Figure 1: RFLP for factor V Leiden by MnlI enzyme. After exposing the products of PCR with MnlI enzymes, in order to identify factor Five Leiden mutations and homozygous and heterozygous status, the result of enzymatic digestion products were transferred on agarose gel electrophoresis 2%. Wells number 1 and 5: patients without the mutation of factor Five Leiden (158-130 bp). Wells number 2 and 3: heterozygous patients for factor Five Leiden (288-158-130 bp). Well number 4: homozygous patient for the Factor Five Leiden. (288 bp); well number 6: Positive control for Factor V Lieden mutation (Homozygous) (288 bp); L: DNA lader (100 bp).

Discussion

Since venous thrombosis is multi-factorial phenomenon, a precise detection of the cause of thrombophilia demands a thorough laboratory study on venous thrombosis patients [7]. Lubetsky and Seligsohn recommended APCR, LAC, Prothrombin G20210A, Homocysteine and factor VIII as the priority tests in detecting the cause of venous thrombosis [8].

Factor V Lieden is the most common hereditary risk factor for venous thrombosis. There is an irregular distribution of the mutation throughout the world. Africans, Americans, Asians and indigenous Australians do not have this mutation though it is observed in 5% of White Americans, Canadians, and North Europeans and up to 15% in countries such as Sweden and Cyprus. For Asia, a 2.5% and 1.9% prevalence have been reported in Saudi Arabs and North Indians respectively [9].

Because of being multiracial and multicultural, Iranian population does not have a consistent figure of prevalence. In a study by Farokhi et al. on western population of Iran (304 patients), FVL mutation prevalence was 2.3% while another study on the population of the same region reported the figure to be 2.97% [10].

Due to its important effect on directing hemostasis towards coagulation which can result in thrombotic events particularly in young children and pregnant women and also its prevalence among populations, detecting FVL is undoubtedly one of the priorities for which APCR and molecular test are used.

APCR test is based on PTT and is a fraction in which numerator is PTT in the presence of APC and the denominator is PTT in the absence of APC. In normal individuals this ratio is above 2 while in those with the mutation is below 2 [11].

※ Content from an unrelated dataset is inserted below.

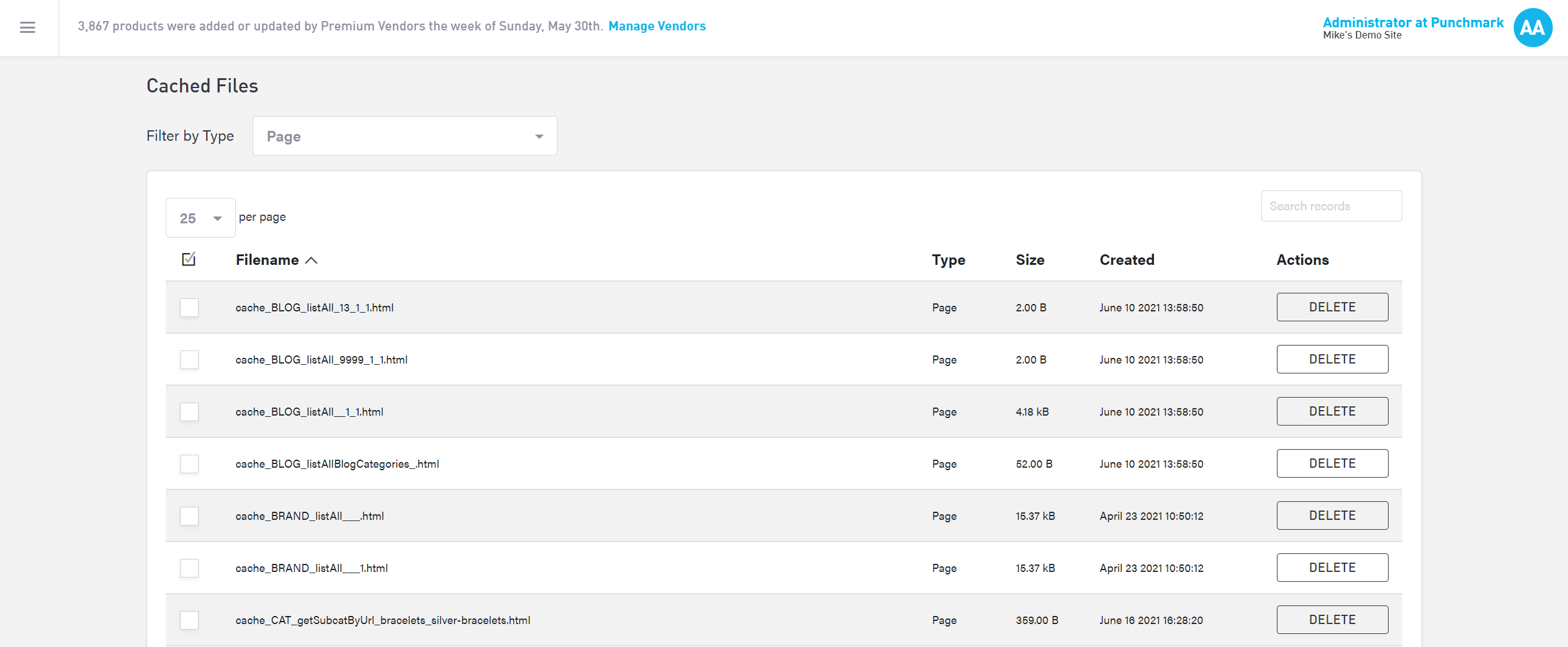 You can delete certain page caches manually. Use the Cached Files section to search for the cache you wish to delete and select the “Delete” button to the right of the file name. You can also use the “Filter” dropdown at the top to narrow down the files by type. If you do not see the Delete button, you are not able to delete this cache, as it would cause problems for your site.

Due to the interfering factors such as LAC, heparin and deficiency of other coagulation factors, the first generation of APCR test did not have the required sensitivity and specificity. The second generation though, with the administration of polyberen to eliminate the effect of heparin and dilution of patient’s plasma with FV-deficient plasma, is almost entirely sensitive and specific [11].

By carrying out both tests of APCR and PCR-RFLP on LACnegative patients with no history of anticoagulant drugs consumption such as heparin and comadin, we concluded that the APCR test can be equally specific and sensitive as PCRRFLP for our sample population. Of the fifty six studied patients, 20 had the mutation from which 15 (26.7%) were heterozygous and 5 (8.9%) homozygous. The very same 20 patients had positive APCR results (rate of below 2) and the results of the two tests were completely compatible.

Howard et al. conducted both the APCR and molecular tests on plasma of 117 patients with thrombosis where APCR test proved 100% accurate and molecular test, despite costing more, did not show any advantages over the other. It is notable that they have excluded the LAC-positive and anticoagulant consuming patients [12].

In study by Brain et al., where APCR test was carried out on plasma of 54 patients diagnosed with APS syndrome, 5 samples had an abnormal result (below 2 or below 120 s) whose molecular tests did not detect the FVL mutation. These 5 samples were then diluted with FV-deficient plasma and while after reducing the titer by dilution, APCR result were normal. These patients had a lengthened PTT due to a high titer of inhibitors. This study showed that dilution with FV-deficient plasma eliminates the interference and the consequent overlap of the heterozygous individuals with normal ones [11].

However in a study by James et al., APCR test was reported 100% sensitive and specific in homozygotes. But the heterozygotes had a sensitivity of 50% and specificity of 98% because of overlap with normal individuals and due to this overlap, APCR rates of 2 to 3 need other confirming tests [6]. Nevertheless, this overlap is entirely eliminated by the means of dilution with FV-deficient plasma [13].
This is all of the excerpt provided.